The tricky handoff from quantitative easing (QE) to quantitative tightening (QT) that is under way is central to the cracks that have appeared across risk markets and credit markets in particular. Global QE provided the necessary conditions for corporations to lever up, which is exactly how they responded.
Outstanding US corporate credit market debt has more than doubled from US$3.2 trillion in 2008 to well over US$7 trillion today, with the biggest chunk of it coming in the BBB portion of the credit curve, the lowest rung of investment grade ratings. High debt growth has translated to high leverage – BBBs with 31% of BBB debt leveraged at or above 4.0x.

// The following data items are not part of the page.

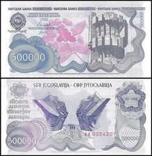 Aug. 1989. Deep purple and blue on lilac underprint. Arms at left, Partisan monument "Kozara" at right. Back: Partisan monument "Sutjeska" at center. Specimen.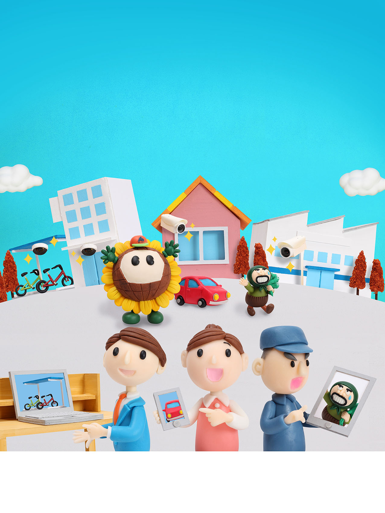 本作は、「クレイアート × 防犯 × 地域安全」をテーマに、防犯カメラを通して“街全体を見守る安心のネットワーク”を描いた立体広告ビジュアルです。ウォルナッツ・クレイワークスタジオの精密な造形と構成により、テクノロジーと人の温かさが共存する“安全でやさしい街の姿”をユーモアとクラフト感で表現しています。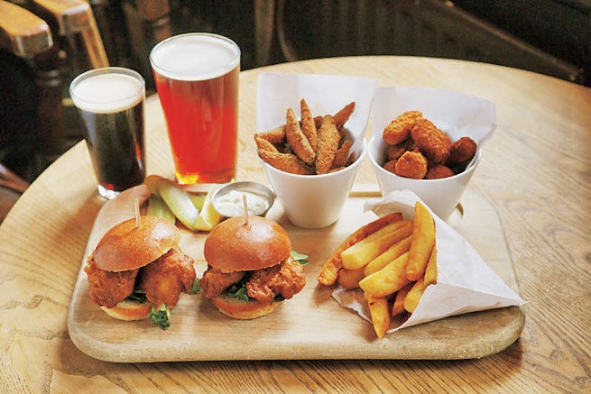 ウエストミンスターの官庁街にある伝統的なパブ、レッド・ライオン。モルトの香ばしさとコクのあるロンドン・プライドやフルーティな味わいのフロンティアなどのビールを、ビーフバーガーやチキンと味わうのがおすすめです。

The consequence of this shape of evolution of the credit cycle is that the large systemic dimension of the last crisis would be much less pronounced and what we will realise is a more garden-variety credit cycle turn, something credit investors have more experience in dealing with. That said, no doubt a cycle turn is coming, and this bearish turn will be painful for credit investors, in our view. 
The silver lining is that investor complacency is lower and valuations have gotten cheaper in the last few months. Even if the consensus has embraced the idea that end-of-cycle risks are rising notably, at the least, sentiment is much less uniformly bullish than it was at the beginning of 2018. That said, the credit bear market has started, and until valuations have truly priced in long-term fundamental risks, our advice is that investors should use rallies to move up-in-quality. Have a great Sunday.